Id. Here, no court order was in effect at the time appellant missed the IME; appellant attended the second IME as ordered by the court. Therefore, appellant's attorney is not subject to sanction under Minn. R. Civ. P. 37.02.
2. Dismissal of Appellant's Case
The district court dismissed with prejudice appellant's case pursuant to Minn. R. Civ. P. 41.02(a), providing that a court may on its own initiative "dismiss an action or claim for failure * * * to comply with * * * any order of the court."
Use of [Rule 41.02(a)] is infrequent and is within the sound discretion of the trial court. * * * We will reverse an involuntary dismissal under [the rule] only when the trial court abused its discretion.
Bonhiver v. Fugelso, Porter, Simich & Whiteman Inc., 355 N.W.2d 138, 144 (Minn. 1984).
The primary factor to be considered in dismissing a case is prejudice to the parties; there must be a showing of particular prejudice of such a character that some substantial right or advantage will be lost or endangered. Sudheimer v. Sudheimer, 372 N.W.2d 792, 794 (Minn. App. 1985). The district court made no finding that respondent was prejudiced by appellant's failure to attend the first IME; nor did respondent allege prejudice. Appellant attended a subsequent court-ordered IME. Absent a finding or even an allegation of prejudice, case dismissal as a sanction is an abuse of discretion because it "runs counter to the primary objective of the law to dispose of cases on the merits." Id.; (citation and quotation omitted).
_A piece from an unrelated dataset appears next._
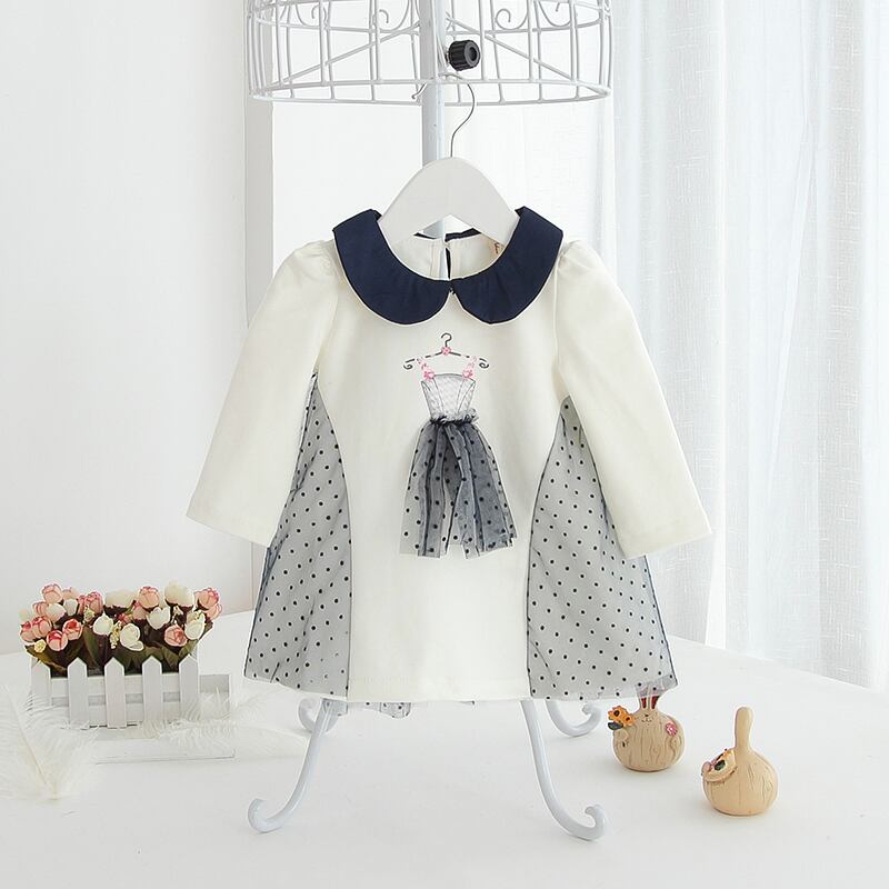 水玉ドレスの長袖チュニックワンピ(ホワイト)

Because we hold that the district court abused its discretion in ordering appellant's attorney to pay the cost of appellant's missed IME and in dismissing appellant's case, we reverse and remand for trial.
Reversed and remanded.
[*] Retired judge of the district court, serving as judge of the Minnesota Court of Appeals by appointment pursuant to Minn. Const. art. VI, § 10.
 The district court relied on Little v. Miklya, 403 N.W.2d 228, 230 (Minn. 1987) (holding that sanctions can be imposed on an attorney whose client fails to attend an IME that has been stipulated to by counsel for both parties). But in Little, plaintiff's counsel failed to notify his client of the IME after stipulating in writing to the client's appearance at the IME; Little is therefore distinguishable.
 Cases in which dismissal has been upheld are readily distinguishable. See, e.g., Breza v. Schmitz, 311 Minn. 236, 248 N.W.2d 921, 922 (1976) (willful and repeated failure to cooperate with discovery orders); Zuleski v. Pipella, 309 Minn. 585, 245 N.W.2d 586, 587 (1976) (failure to be ready for trial).